The main role of the Fault Handler module is to provide a fault-tolerant service for each request by selecting the relevant fault tolerance technique. The replication technique should be employed only if there is more than one device that can serve the request. In addition, it should not be employed for all types of requests because this will not be an economic desire. For time-sensitive requests, replication is applied through serving each request by k + 1 devices, simultaneously. These k + 1 devices comprise the primary allocated device besides a set of k backup devices. The first incoming response from any device of the k + 1 devices is considered to be sent to the request’s owner. The other devices will be informed to stop working on the request. Determining the value of k is a challenging task because extra copies could exhaust the cloud resources and could cause money lost from the provider perspective. On the other hand, the underestimated value of k may cause resubmission or rescheduling of requests, which is not suitable for time-sensitive requests. So, it is important to choose a reasonable value of k for each request.

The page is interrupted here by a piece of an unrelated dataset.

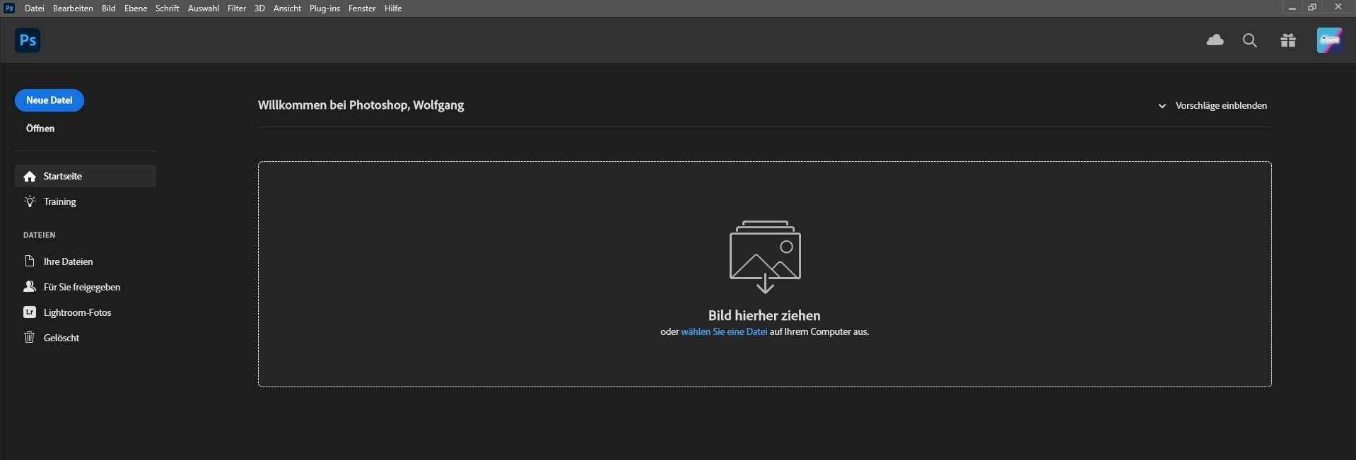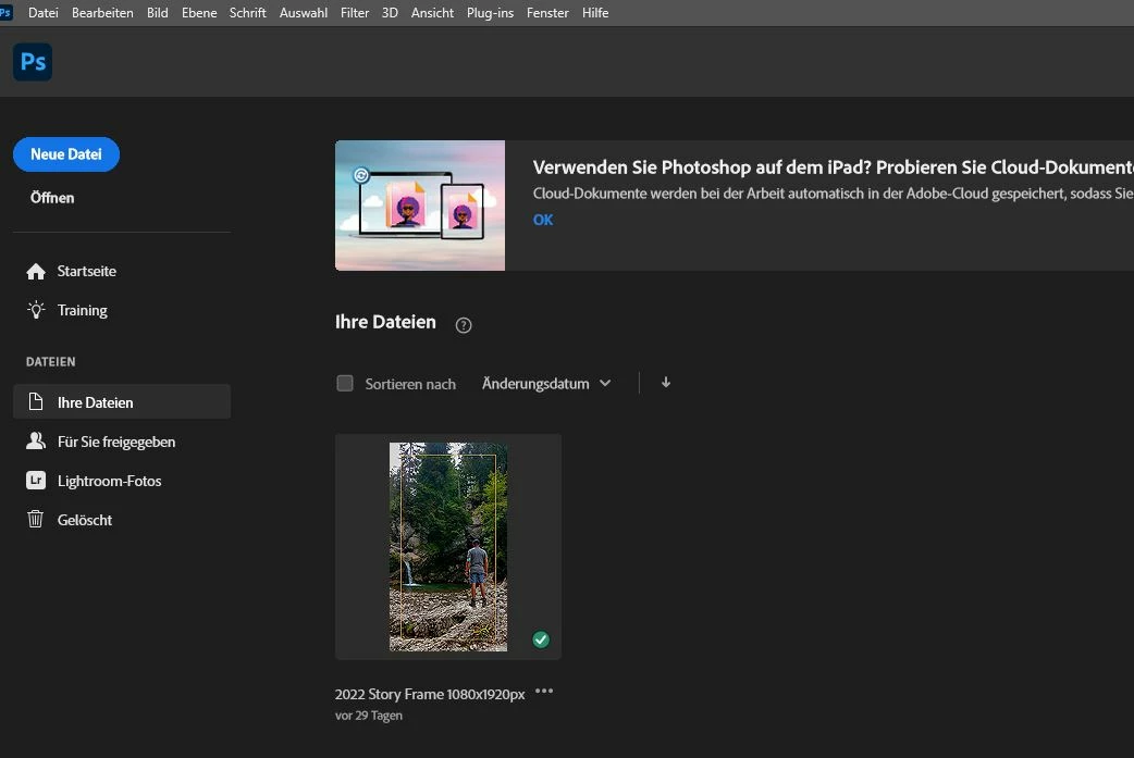 Photoshop Start-Window and current version 23.4.2.

Most replication-based methods determine only one additional backup device for each request and they select it according to its response time. However, the backup device may have a bad failure history. In this work, the backup device is selected so that it can fulfill the request within the time limits with the lowest probability of failure. Each time-sensitive request is considered to need a high level of reliability. Consequently, two replicas (k = 2) are assigned for each time-sensitive request. However, only one replica will be assigned for each time-tolerant request.

If there is only one device that can serve the request, checkpointing will be applied. In checkpointing, the state of request execution is saved to stable storage periodically. In the failure case, the service is resumed from the last checkpoint either on the same device or on another one. Here, the challenge is the selection of the checkpoint interval, which is the time between two consecutive checkpoints.

Most previous research works have assumed a constant checkpoint interval for each device. In this work, the checkpoint interval of a device d varies and it is determined based on the standard deviation of the operation time between failures (OTBF). Fig 5 shows the algorithm used to calculate the checkpoint interval for a device d. The calculated interval of the checkpoint tends to be close to the most repeated values of the time between failures. For each device, the value of this interval is updated either when serving an assigned request is completed or when a failure occurs. In addition, the status of the device is stored on the device that will complete the execution of the request in case the primary device fails for a long time. So, migration and time overheads could be minimized.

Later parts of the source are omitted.